Most people think probably bookkeeping and accounting as the same thing, but accounting is really a function of accounting, while accounting includes many functions involved in the management of the financial affairs of a company. Accountants prepare reports, partly on the basis of the work of accountants.

Accountants perform all sorts of monitoring tasks. Some of them are the following:

-They prepare what source for all operations of a business to buy, sell, transfer, pay and collect documents. The documents are documents such as purchase orders, invoices, credit card slips, time cards, leaves of time and expense reports. Accountants also determine and enter the source documents that the consequences, financial transactions and other corporate events. These include the remuneration of workers, the sale, borrow money or buy products or materials first for production.

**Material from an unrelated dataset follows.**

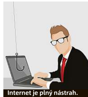
Internet je plný nástrah.

Pro domácnosti je vhodným řešením balík ESET Family Security Pack. Před hrozbami internetu ochrání všechna vaše zařízení a pomůže například při jejich ztrátě či odcizení. Součástí balíku rodinné internetové ochrany jsou licence pro tři počítače s operačním systé-

-Accounting are also display the financial consequences in magazines and accounts. These are two different things. A newspaper is the recording of transactions in chronological order. A year is a separate account record, or in the page for each asset and liability item. A transaction may affect different accounts.

-Accountants prepare reports after a certain period of time, like all the days, quarterly, weekly, monthly or yearly. To do this, all accounts on the height. Inventory records must be updated and reports checked and double checked to ensure that they are as error free as possible.

-Accountants also compile complete lists of all accounts. This is called the adjusted balance. While a small company can have hundreds of accounts, can be very big companies have more than 10,000 accounts.

-The last step is for the accountant at the closing of the books, which means all the accountants for a fiscal year close and summaries.